▶ What you should do
Copying rule for the data below: take the line containing "- Further with" and every line after it to the end, exactly, and drop all pictures.

▶ Provided data

- - - - - - -

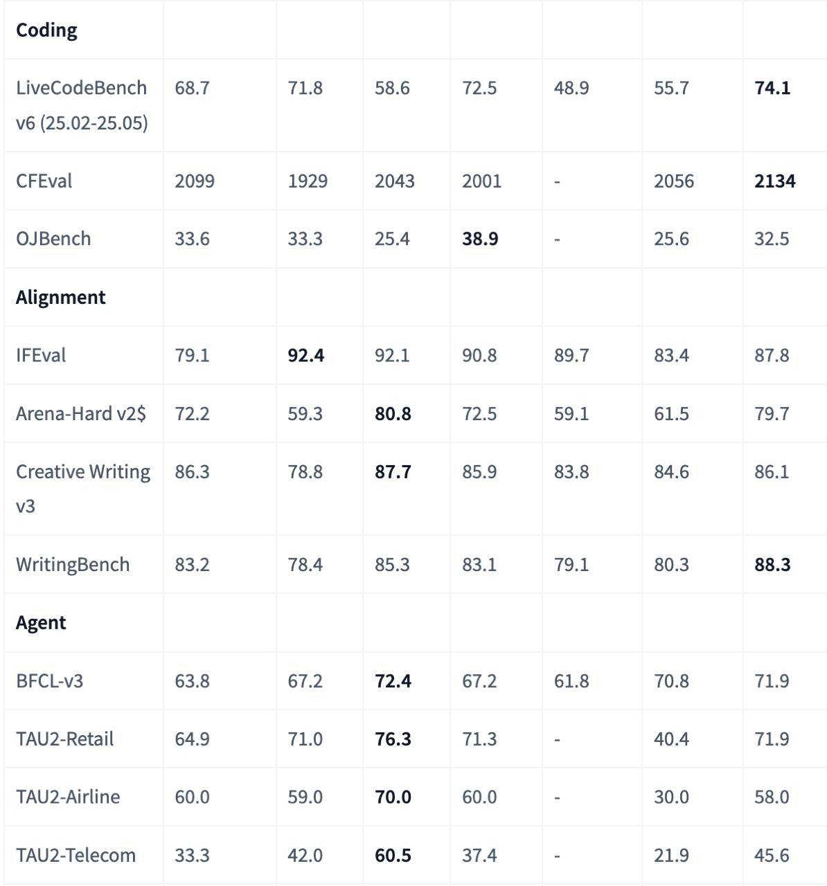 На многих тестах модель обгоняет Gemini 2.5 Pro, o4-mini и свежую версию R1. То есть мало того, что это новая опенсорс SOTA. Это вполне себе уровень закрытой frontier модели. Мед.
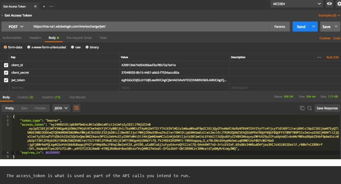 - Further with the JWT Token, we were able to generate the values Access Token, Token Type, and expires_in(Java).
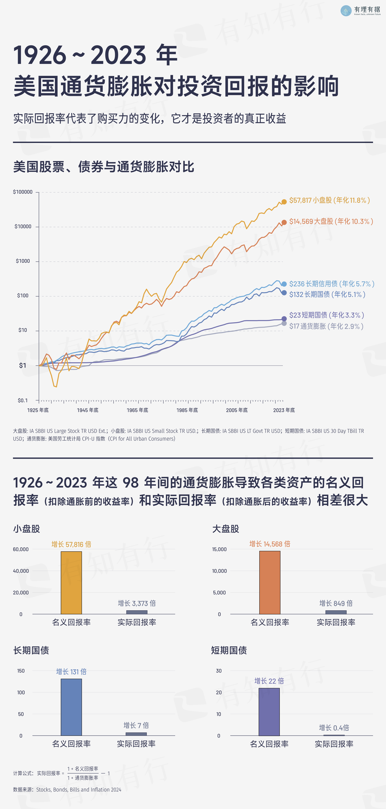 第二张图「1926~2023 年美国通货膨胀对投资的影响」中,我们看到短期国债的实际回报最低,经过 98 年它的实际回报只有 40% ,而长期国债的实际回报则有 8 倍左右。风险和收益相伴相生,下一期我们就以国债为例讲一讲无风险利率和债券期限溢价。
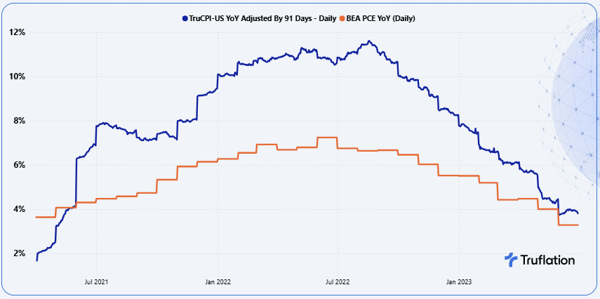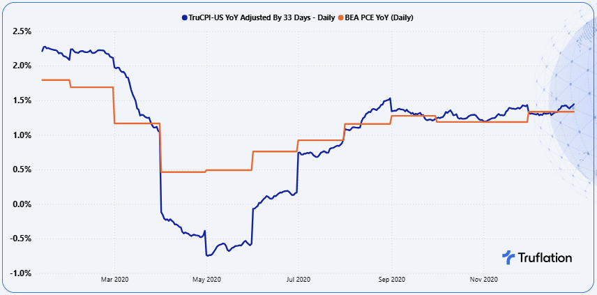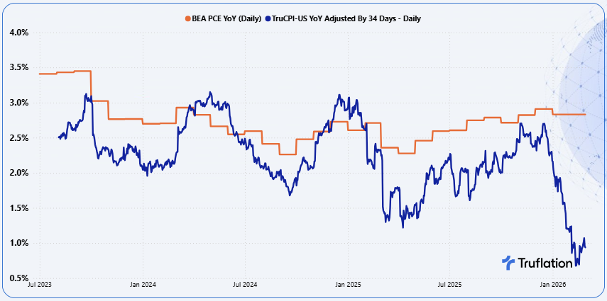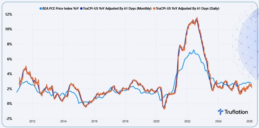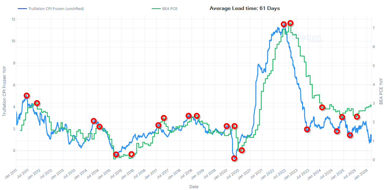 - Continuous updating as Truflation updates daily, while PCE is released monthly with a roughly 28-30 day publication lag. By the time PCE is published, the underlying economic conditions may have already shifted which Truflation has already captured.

- - - - - - -

▶ Answer box
 - Further with the JWT Token, we were able to generate the values Access Token, Token Type, and expires_in(Java).
 第二张图「1926~2023 年美国通货膨胀对投资的影响」中,我们看到短期国债的实际回报最低,经过 98 年它的实际回报只有 40% ,而长期国债的实际回报则有 8 倍左右。风险和收益相伴相生,下一期我们就以国债为例讲一讲无风险利率和债券期限溢价。
 - Continuous updating as Truflation updates daily, while PCE is released monthly with a roughly 28-30 day publication lag. By the time PCE is published, the underlying economic conditions may have already shifted which Truflation has already captured.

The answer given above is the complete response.